Dodging The Greenies

Growing up as a free-range kid in late ‘60s/early ‘70s south Dublin was fantastic. In the long school holidays, Mums kicked their kids out the front door after breakfast with the words ‘don’t be late for your tea’. It was a win-win arrangement. We were free to roam and get up to mischief while our Mums got priceless peace & quiet. Getting into scrapes, with other kids or with the scenery, taught us instant life lessons which we seldom mentioned at home. It’s how everyone grew up.

For pure adventure nothing compared with the paradise that was Belfield, then emerging as the new university campus for UCD. Surrounded by mature trees and dry ditches ideal for hiding in, it boasted football fields, a pitch & putt course, an orchard & kitchen garden, building sites with exotic looking earthmovers, and a man-made lake filled with the discarded fibreglass moulds used in the construction of the new Library building. We later used those moulds as punts for boat racing in that same lake adjacent to the Science buildings. Belfield had everything, even a secluded lagoon under a canopy of lazy trees ideal for suspending swinging tyres from. That was pure Huckleberry Finn territory, known to us as ‘the swamp’.

Best of all was the onsite security force, kitted out in bottle green military style uniforms. We called them “Greenies” and they were there to guard this vast swathe of private property. Of course we had no right to be there, so to be chased by the Greenies was the highlight of any day. Especially when they got tooled up with their walkie-talkies and new Honda 50s (“nifty fifties”). What a challenge! We dedicated ourselves to annoying the Greenies. Whenever any of us met up outside of Belfield, the first topic of conversation was always the latest scrape anyone had gotten into while escaping from the Greenies.

We christened the head Greenie “Blakey” after the Hitler lookalike character in the 1970s TV comedy “On the Buses”. Our daily mission, all summer long, was to cook up schemes to drive Blakey out of his mind but not get caught. In our minds, we were heroic characters from the War movies often shown at school on Friday nights – Bridge Over the River Kwai, 633 Squadron, The Great Escape, you name it. We acted it all out on this life-sized canvas, complete with an enemy force always trying to catch us –  it was Great Escape from the Greenies. Usually the trick to escaping was to run as hard & fast as possible, then split up into a dozen different directions, leaving the pursuing Greenie baffled as to his next move.

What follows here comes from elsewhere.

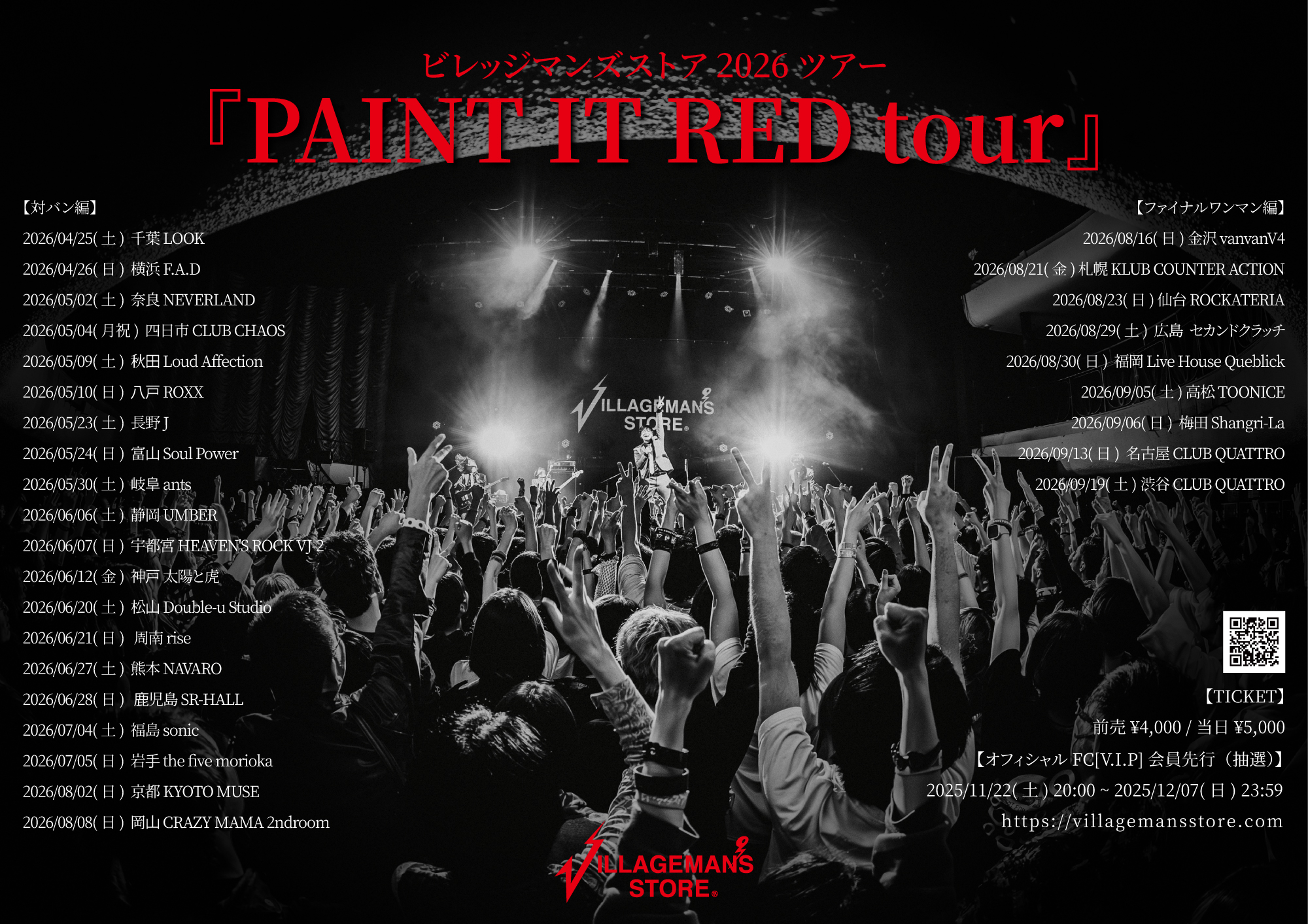 ビレッジマンズストア 2026ツアー「PAINT IT RED tour」ワンマン編

One afternoon we were so absorbed in our raft races on the Lake that we failed to notice four or five Greenies converging on the perimeter, closing off our exit routes. Two of our number were captured after trying to swim away, dragged out of the lake and questioned. They observed our agreed code, giving only false names and addresses, before being released with a stern warning, dripping wet but without charge. We later exacted revenge when one of our gang kidnapped a Greenie’s nifty fifty, left carelessly with keys in the ignition. He briefly made shaky progress on the Honda before they gave chase, forcing him to abandon it & run for cover.

In our most ambitious escapade, we decided to stage a spectacular stunt near Merville, a Georgian house at the Foster Avenue end of our Belfield kingdom. It’s now the home of the UCD Nova innovation and technology transfer centre. Our own early technology transfer project involved trying to blow up a dry stone wall behind a drainage ditch. The mastermind for this scheme was an older kid from Oatlands College, who had obtained the keys of the school chemistry lab. He assured us that the blue liquid and bag of mysterious-looking white crystalline powder would prove as effective as gelignite. Under his command, we packed a cake of the stuff between stones in the wall and laid a trail of it for a safe distance to the point where he would light it. This improvised fuse burned right up to the wall and exploded but, disappointingly, only dislodged a few stones. The bang had drawn the attention of the Greenies, and we scrambled towards the trees at the perimeter before scattering in every direction. A week or two later, our mastermind was tapped on the shoulder, pulled out of class and suspended from school. The Greenies had traced the discarded bag to Oatlands College, and he was in big trouble. We had underestimated our adversaries!

Moving on through the acned teenage years, our thoughts soon turned to the emerging attractions of girls, cigarettes and beer. In that period, a newly arrived American kid, sporting loud check trousers, tried to join our crew. We resisted all advances from “the Yank” until one day he arrived at the top field with a paper bag under his arm. “Hey you guys, wanna see what I found in my Dad’s garage?” he announced, producing his father’s Playboy magazine collection. His application to join was immediately accepted without further question, as this throng of goggled-eyed lads suddenly fell strangely quiet! Looking back now, even that was all so charmingly innocent. We really had no concept of how much the world was about to change.